You can start to get a sense of what you value, by asking yourself, “if I didn’t feel anxious, what type of person would I want to be? How would I spend my time? What would I do?”


Setting goals to gain confidence

A helpful goal is specific, measurable, attainable, relevant, and time-bound. This is opposed to non-specific, vague, emotionally-driven, or unattainable goals.

As an example, “I’d like to be more confident” is not a helpful goal, because it is not specific, measurable, attainable, or time-bound. It is vague and unmeasurable and unattainable.

Sure, you could measure your level of confidence about a specific task one day and then measure your level of confidence using the same questionnaire at another time in the future. However, you would not actually be able to measure the nuances of confidence, because it is feeling state that changes over time. Just because you feel x amount of confidence on Monday at 4pm and y amount of confidence on Thursday at 10am, doesn’t mean that you’ve become more confident throughout every aspect of your life. 

By unattainable, I don’t mean that you could never become more confident, but rather there is no objective binary cutoff where you could say either I am confident or I am not confident. 

Other questions I have about this goal include: what does it mean to be more confident? Do you want to be more confident in every area of life or just some areas? How would you know when you completed your goal? How does this goal direct your behaviors? 

So, you can see through this one example that while a goal like this one might feel good to write, it is a wolf in sheep’s clothing, in the sense that it does not direct your behavior toward something specific and measurable that you can attain in a relevant amount of time. 

Here are some common goals that have the same problems as the examples above:

“My goal is to be happy”

“My goal is have a good romantic relationship”

“My goal is have a good career” 

“My goal is for other people to like me”

“My goal is to be attractive”

Again, problems with these goals include the fact that they are non-specific, dependent on feelings, dependent on other people’s behavior, or unattainable in a measurable way. 

Let’s talk about helpful goals. 

The interesting thing about the word confidence is that it comes from a Latin word that can either mean “a feeling of faith or believing” or “an act of faith.” This definition is helpful, because the actions of confidence often come before the feelings of confidence.  

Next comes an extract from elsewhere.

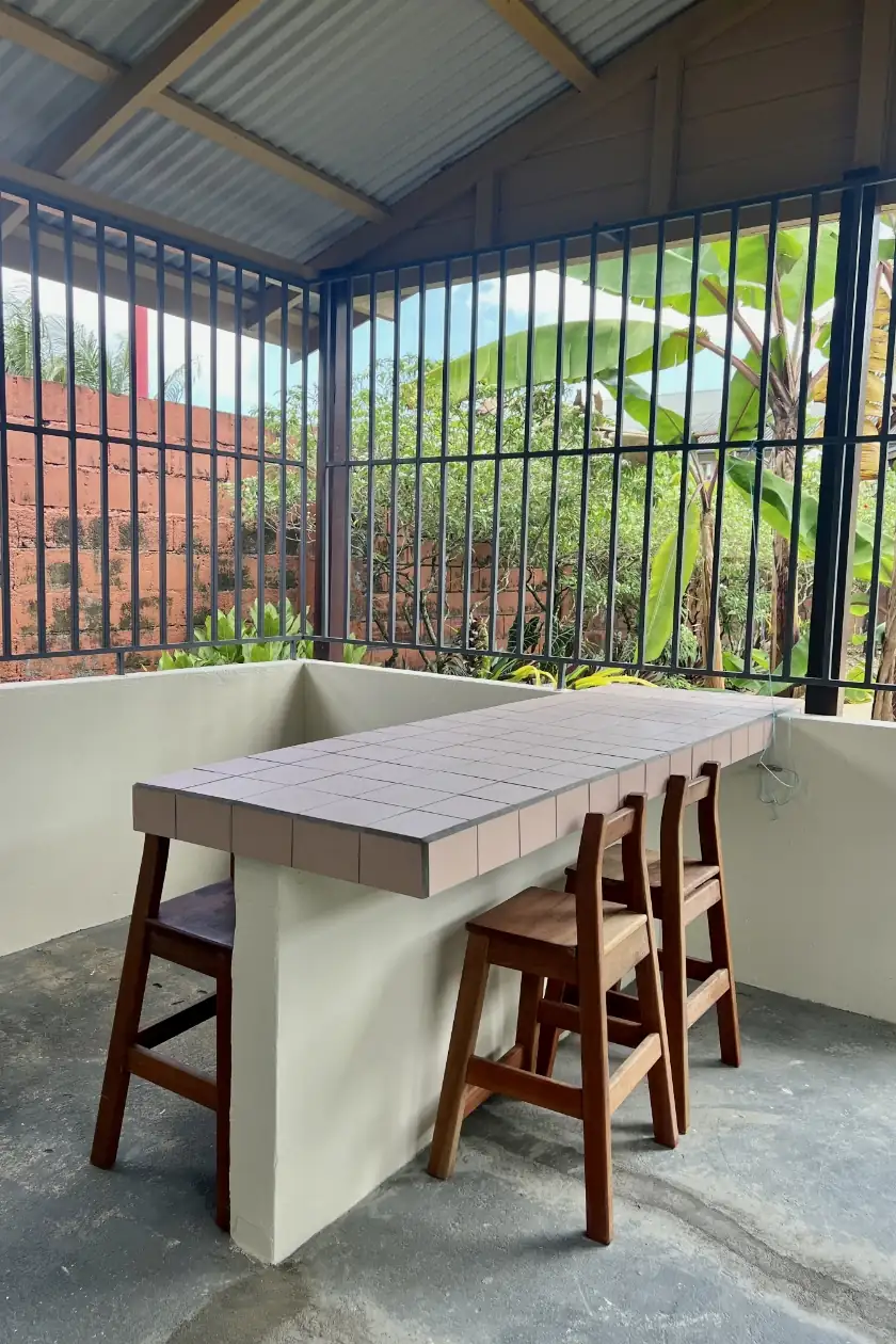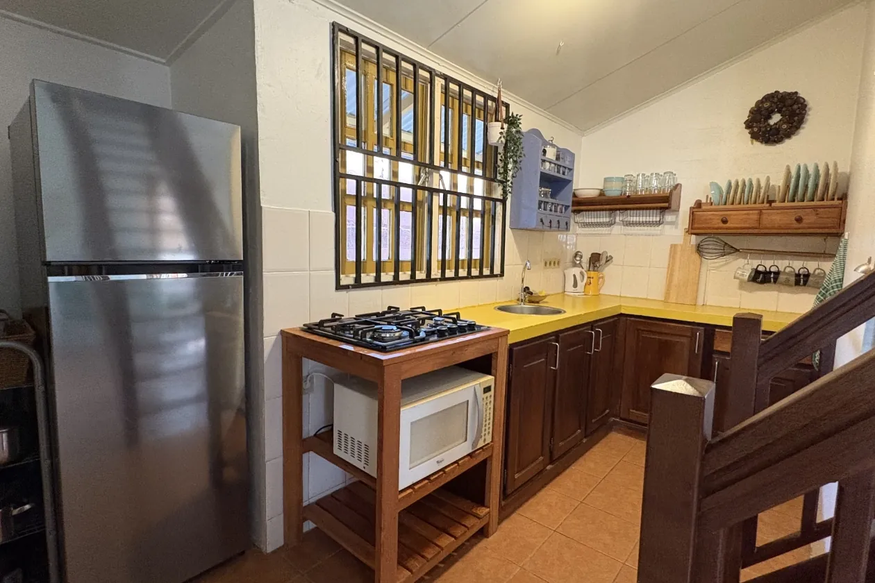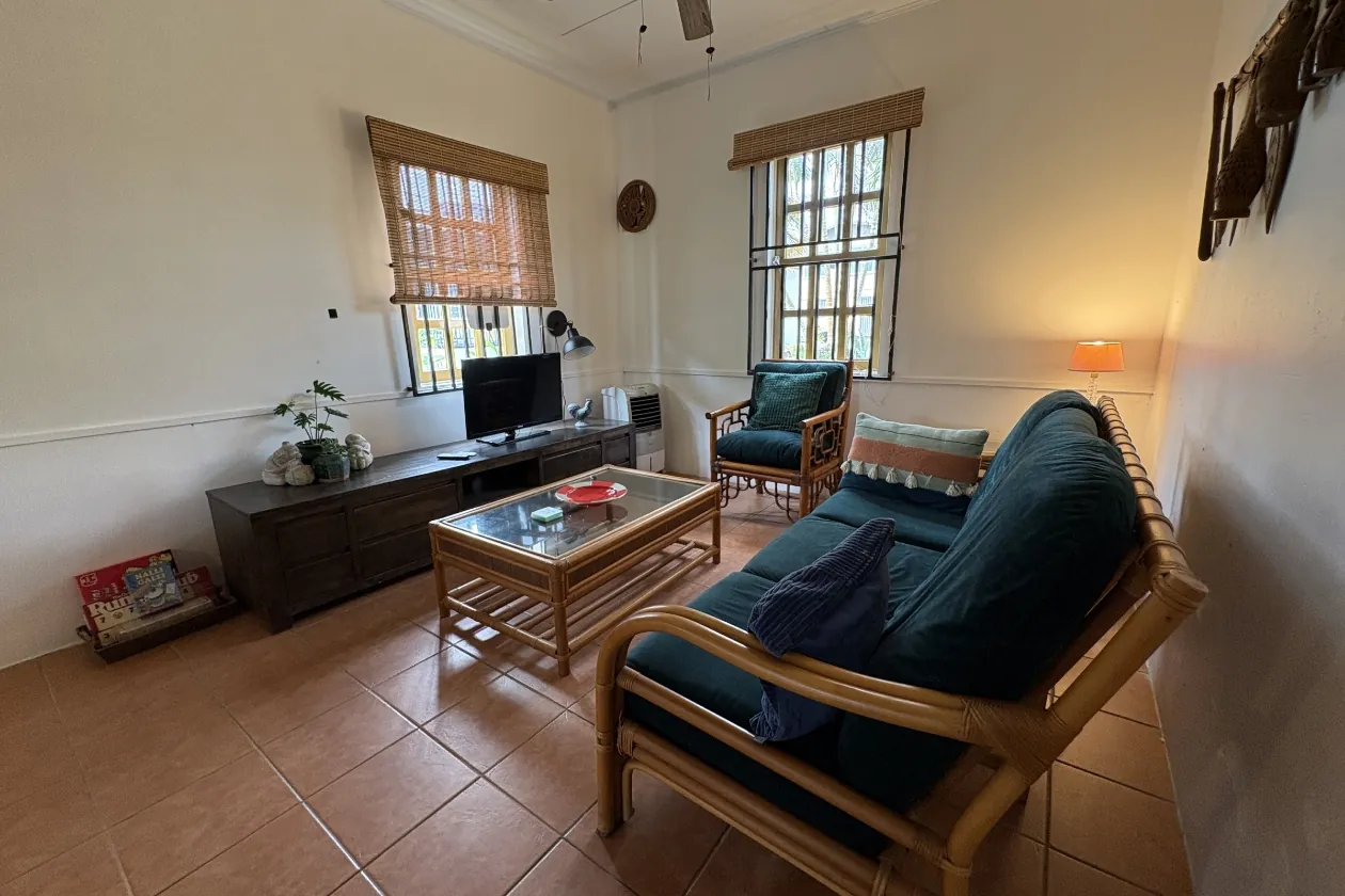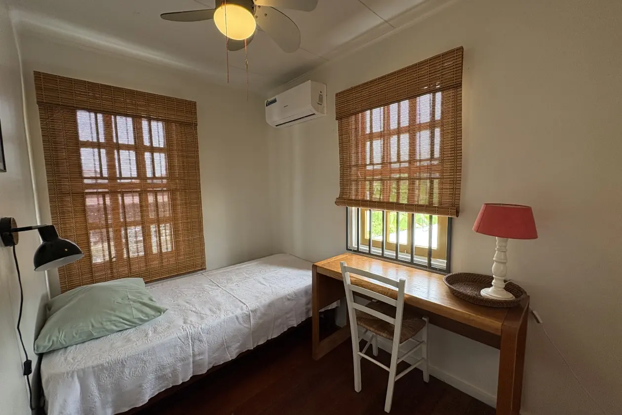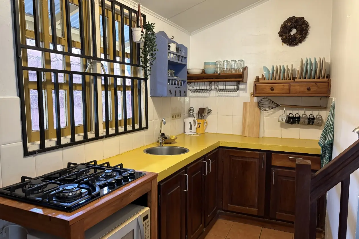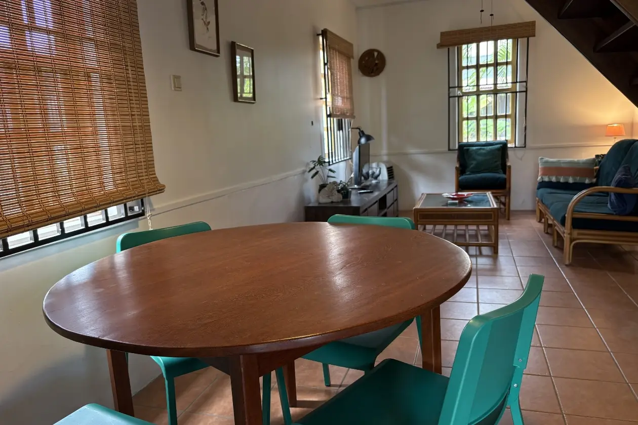 The “Oud Erfhuisje” measures approximately 70m² and has been fully restored. Thanks to its traditional construction style, it retains the authentic look and feel of old Paramaribo. The house is fully furnished and equipped with all modern comforts. The atmosphere of old Paramaribo has also been carried through in the interior, with vintage elements that revive times gone by. The home evokes the coziness of the past, without compromising on luxury. The large windows can all be opened, allowing you to enjoy the feeling of being outside while indoors.

A person with the unhelpful goal, “My goal is to be more confident,” could make it into a helpful goal with just a few more descriptors. 

An example is, “My goal is to attend two events this week and initiate a conversation with one person I don’t know at each event.”

If the person lacks the feelings of confidence during spontaneous conversations with strangers, this is a helpful goal because it is specific, attainable, measurable, relevant, and time-bound. At the end of the week, she has either completed her goal or not. The goal is based on observable actions she took with her arms and legs, not her thoughts or emotions. Most importantly, if she keeps setting and pursuing these types of goals while relating with openness to the thoughts, feelings, and sensations that arise along the way, it’s likely that she will feel more confident more often. 

Note that this was a great example for an individual who specifically feels anxious and lacks the feelings of confidence during spontaneous conversation with a stranger. This is a very specific problem with a very specific solution. 

When you are reflecting on the challenges in your life and deciding how to set goals to overcome them, you want to get as specific as possible about what the issue is and break the solution down to the smallest next step.

For instance, perhaps the intimacy of romantic relationships is what you fear and it is preventing you from getting into a long-term relationship. When you’re thinking through how to overcome this fear, it’s important to recognize all the different fears that could be wrapped up into that one big one. We’ll get into this in greater detail in a future post.